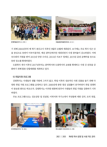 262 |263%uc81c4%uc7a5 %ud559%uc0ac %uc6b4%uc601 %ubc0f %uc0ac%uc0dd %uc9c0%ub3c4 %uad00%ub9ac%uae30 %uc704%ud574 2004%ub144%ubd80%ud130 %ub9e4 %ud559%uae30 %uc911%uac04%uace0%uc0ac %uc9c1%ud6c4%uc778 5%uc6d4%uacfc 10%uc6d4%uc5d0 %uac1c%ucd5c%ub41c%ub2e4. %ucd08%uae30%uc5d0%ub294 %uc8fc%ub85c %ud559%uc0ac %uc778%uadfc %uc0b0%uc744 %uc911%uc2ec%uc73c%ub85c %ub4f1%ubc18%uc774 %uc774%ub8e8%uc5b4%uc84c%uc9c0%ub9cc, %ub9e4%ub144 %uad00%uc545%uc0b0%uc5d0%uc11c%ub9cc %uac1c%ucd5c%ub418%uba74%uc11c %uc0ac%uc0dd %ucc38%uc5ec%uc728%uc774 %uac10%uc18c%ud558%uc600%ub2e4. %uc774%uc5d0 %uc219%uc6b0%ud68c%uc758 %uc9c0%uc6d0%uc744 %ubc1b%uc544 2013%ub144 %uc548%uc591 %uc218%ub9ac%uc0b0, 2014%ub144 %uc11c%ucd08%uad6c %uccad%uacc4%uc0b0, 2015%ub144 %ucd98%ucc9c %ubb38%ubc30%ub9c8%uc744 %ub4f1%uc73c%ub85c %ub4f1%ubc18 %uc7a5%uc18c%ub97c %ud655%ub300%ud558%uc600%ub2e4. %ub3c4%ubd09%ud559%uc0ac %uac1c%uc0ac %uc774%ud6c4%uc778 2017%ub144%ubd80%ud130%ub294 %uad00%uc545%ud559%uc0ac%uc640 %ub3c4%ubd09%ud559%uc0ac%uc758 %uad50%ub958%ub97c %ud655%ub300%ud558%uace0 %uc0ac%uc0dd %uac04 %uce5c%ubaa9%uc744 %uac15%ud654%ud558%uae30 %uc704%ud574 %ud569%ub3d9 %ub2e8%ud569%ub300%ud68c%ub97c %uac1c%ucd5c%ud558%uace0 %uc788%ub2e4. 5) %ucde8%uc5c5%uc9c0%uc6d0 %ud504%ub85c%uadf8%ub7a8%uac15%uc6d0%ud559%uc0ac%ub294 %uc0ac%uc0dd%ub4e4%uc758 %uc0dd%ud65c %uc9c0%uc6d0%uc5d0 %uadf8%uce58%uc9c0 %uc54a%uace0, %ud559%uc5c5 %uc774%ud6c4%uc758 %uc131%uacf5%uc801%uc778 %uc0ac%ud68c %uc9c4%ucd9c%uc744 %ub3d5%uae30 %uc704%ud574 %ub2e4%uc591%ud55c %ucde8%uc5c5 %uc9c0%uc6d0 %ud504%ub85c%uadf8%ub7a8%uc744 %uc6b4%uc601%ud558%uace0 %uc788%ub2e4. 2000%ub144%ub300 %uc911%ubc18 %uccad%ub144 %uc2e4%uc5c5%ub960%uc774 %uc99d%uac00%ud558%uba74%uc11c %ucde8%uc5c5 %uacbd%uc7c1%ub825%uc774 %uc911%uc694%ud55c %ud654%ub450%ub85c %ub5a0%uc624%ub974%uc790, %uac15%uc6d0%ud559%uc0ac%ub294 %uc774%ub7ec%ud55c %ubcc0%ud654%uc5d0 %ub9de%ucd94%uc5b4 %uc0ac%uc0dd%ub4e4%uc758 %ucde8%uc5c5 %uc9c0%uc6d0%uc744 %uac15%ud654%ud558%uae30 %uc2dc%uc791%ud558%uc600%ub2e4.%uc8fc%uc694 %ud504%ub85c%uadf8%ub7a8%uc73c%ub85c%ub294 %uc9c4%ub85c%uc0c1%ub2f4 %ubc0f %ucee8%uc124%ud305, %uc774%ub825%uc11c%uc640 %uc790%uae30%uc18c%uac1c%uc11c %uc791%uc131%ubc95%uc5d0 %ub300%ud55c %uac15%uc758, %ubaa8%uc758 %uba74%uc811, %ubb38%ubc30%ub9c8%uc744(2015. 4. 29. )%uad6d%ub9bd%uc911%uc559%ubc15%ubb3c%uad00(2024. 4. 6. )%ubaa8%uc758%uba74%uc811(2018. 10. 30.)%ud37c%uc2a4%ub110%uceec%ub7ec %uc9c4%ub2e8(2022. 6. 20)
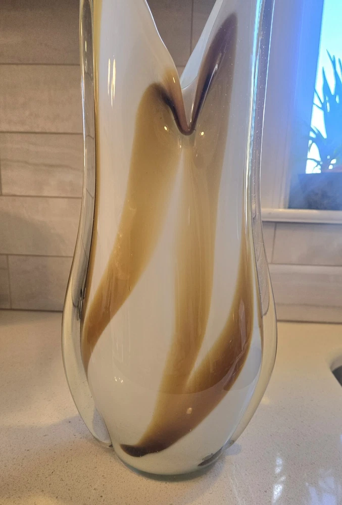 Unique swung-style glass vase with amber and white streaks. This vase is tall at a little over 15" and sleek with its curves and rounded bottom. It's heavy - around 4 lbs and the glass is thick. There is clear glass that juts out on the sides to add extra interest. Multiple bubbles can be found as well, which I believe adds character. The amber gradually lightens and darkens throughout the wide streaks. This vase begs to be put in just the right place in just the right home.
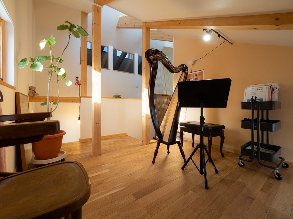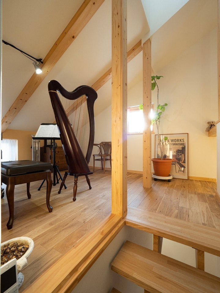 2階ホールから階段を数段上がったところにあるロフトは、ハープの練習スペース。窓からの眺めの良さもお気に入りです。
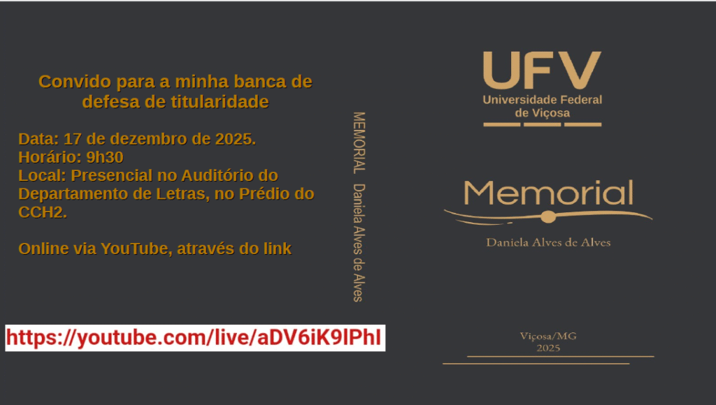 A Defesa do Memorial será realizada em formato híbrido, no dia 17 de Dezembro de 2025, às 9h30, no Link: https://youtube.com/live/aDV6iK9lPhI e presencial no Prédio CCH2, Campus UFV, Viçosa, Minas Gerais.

=====

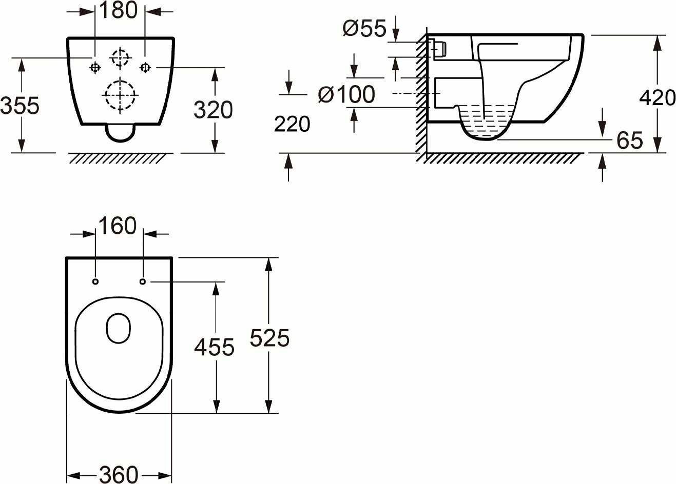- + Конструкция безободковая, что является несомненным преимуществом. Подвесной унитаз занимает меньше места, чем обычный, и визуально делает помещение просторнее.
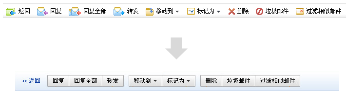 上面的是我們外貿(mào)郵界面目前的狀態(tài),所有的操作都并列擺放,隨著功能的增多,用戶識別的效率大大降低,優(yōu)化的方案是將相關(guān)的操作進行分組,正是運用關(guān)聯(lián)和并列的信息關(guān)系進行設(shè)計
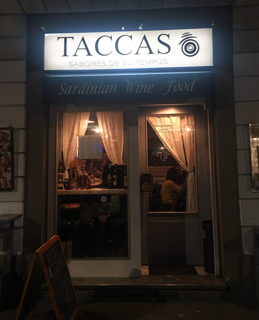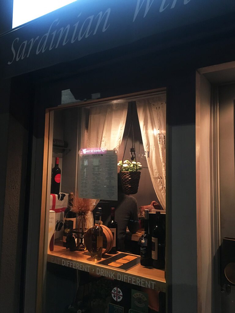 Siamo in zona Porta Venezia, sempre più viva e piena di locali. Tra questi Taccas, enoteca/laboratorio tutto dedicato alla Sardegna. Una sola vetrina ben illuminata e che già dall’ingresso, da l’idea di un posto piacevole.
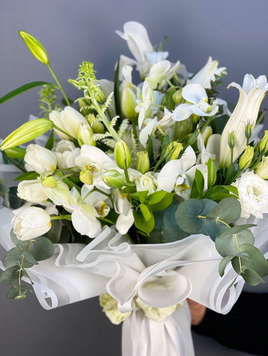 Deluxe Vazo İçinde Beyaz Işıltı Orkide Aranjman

=====

Go down the entries above from the line containing "- + Конструкция" to the line containing "Deluxe Vazo İçinde" and write out each line exactly, leaving pictures out.

- + Конструкция безободковая, что является несомненным преимуществом. Подвесной унитаз занимает меньше места, чем обычный, и визуально делает помещение просторнее.
 上面的是我們外貿(mào)郵界面目前的狀態(tài),所有的操作都并列擺放,隨著功能的增多,用戶識別的效率大大降低,優(yōu)化的方案是將相關(guān)的操作進行分組,正是運用關(guān)聯(lián)和并列的信息關(guān)系進行設(shè)計
 Siamo in zona Porta Venezia, sempre più viva e piena di locali. Tra questi Taccas, enoteca/laboratorio tutto dedicato alla Sardegna. Una sola vetrina ben illuminata e che già dall’ingresso, da l’idea di un posto piacevole.
 Deluxe Vazo İçinde Beyaz Işıltı Orkide Aranjman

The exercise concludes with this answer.